Para já, apesar da dificuldade de obter informações através de fontes independentes por ser muito difícil o acesso às zonas de combate, as organizações internacionais, como a Amnistia Internacional e outras ONG"s, apontam para milhares de mortos e feridos, mais de 40 mil refugiados, vários massacres perpetrados por um e outro lado da barricada.
A ONU, cujo Conselho de Segurança tem marcada para a próxima terça-feira uma reunião virtual sobre a crise etíope, tem feito apelos sucessivos, inclusive através do seu Secretário-Geral, António Guterres, para que as hostilidades cessem, embora, para já, sem sucesso.
À medida que as horas passam, segundo as agências internacionais com correspondentes naquele país, milhares de pessoas continuam a caminhar em direcção à fronteira com o Sudão ou para fora de Tigray, o que está a gerar fortes preocupações à comunidade internacional, com a ONU a lançar repetidos apelos ao diálogo como forma de resolver o diferendo.
A verdade é a primeira vítima numa guerra
Porém, a aparente facilidade que Abiy Ahmed pretende demonstrar parece ser algo diferente na realidade, como um documento secreto elaborado pelas Nações Unidas e divulgado pelo The Guardian demonstra.
Segundo este documento, as forças etíopes estão a enfrenar uma oposição muito mais vigorosa do que é admitido oficialmente e através das suas comunicações, estando em aberto a possibilidade de as forças rebeldes, melhor conhecedoras da região, contando com os milhares de homens naturais da região que integram as forças armadas estacionadas nos quartéis do norte do país, darem início a uma estratégia de "atrito" que consiste em lançar ataques cirúrgicos prolongando no tempo este conflito, a ponto de isso poder retirar o ímpeto às forças regulares.
Devido às características do terreno, montanhoso, acidentado e com vastas áreas de difícil acesso para um Exército regular apoiado por artilharia e tanques, os guerrilheiros da TPLF, segundo analistas citados pelos media internacionais, podem com relativa facilidade prolongar indefinidamente este conflito, deixando o primeiro-ministro e Nobel da Paz Abiy Ahmed em sérias dificuldades perante a sua população e perante o mundo.
O histórico
Esta guerra resultou de meses a fio de um constante e sólido aumento das tensões entre os rebeldes e o Governo de Abiy Ahmed, depois de o seu Governo ter adiado eleições devido à pandemia mas com os lideres de Tigray a realizarem-nas na mesma, gerando uma insustentável quebra no já de si escasso diálogo e dando o mote para disparar a primeira bala, cujo ruído ainda hoje se ouve, tendo, pelo caminho, causado milhares de mortos e feridos e mais de 35 mil refugiados naquele que era um dos mais promissores países africanos.
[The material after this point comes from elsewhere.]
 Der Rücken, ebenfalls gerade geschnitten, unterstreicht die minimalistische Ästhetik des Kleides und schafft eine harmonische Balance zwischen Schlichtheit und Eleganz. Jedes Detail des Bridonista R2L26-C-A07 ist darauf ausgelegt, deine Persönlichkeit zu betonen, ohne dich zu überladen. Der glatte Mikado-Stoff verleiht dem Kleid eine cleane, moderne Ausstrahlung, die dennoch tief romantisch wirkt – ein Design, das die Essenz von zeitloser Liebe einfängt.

A ofensiva governamental foi lançada depois de Abiy Ahmed ter acusado a TPLF de ter atacado uma guarnição militar regular, apoderando-se do armamento ali estacionado. As primeiras batalhas vieram mesmo dos céus, com a Força Aérea a fazer raides diários sobre Tigray.
As animosidades, como o Novo Jornal explica aqui, têm, no entanto, uma génese histórica, porque as elites políticas de Tigray, região com apenas 9 milhões dos 109 milhões de habitantes da Etiópia, o segundo país mais populoso do continente, governaram a Etiópia durante décadas até que o actual primeiro-ministro Abiy Ahmed, chegou ao poder, em 2018.
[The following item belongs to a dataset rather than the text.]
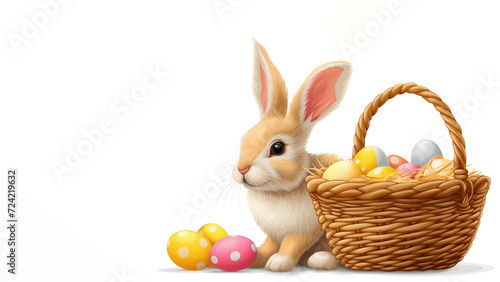 egg, rabbit, rabbit, easter, basket, copy space, greeting, card, painted, white, isolated, background, illustration, cute, holiday, hare, adorable, funny, colourful, cartoon, animal, near

Abiy Ahmed é natural de Beshasha, região-estado de Oromia (cuja capital é Adis Abeba, em acumulação com a capital do país), com 35 milhões de habitantes, no centro da Etiópia, e o povo Oromo, histórico rival do povo Tigrayan, que conseguiu manter as rédeas do poder etíope nas últimas décadas, praticamente desde a morte de Haile Selassie, em 1974, também ele, tal como Abiy Ahmed, natural de Oromia.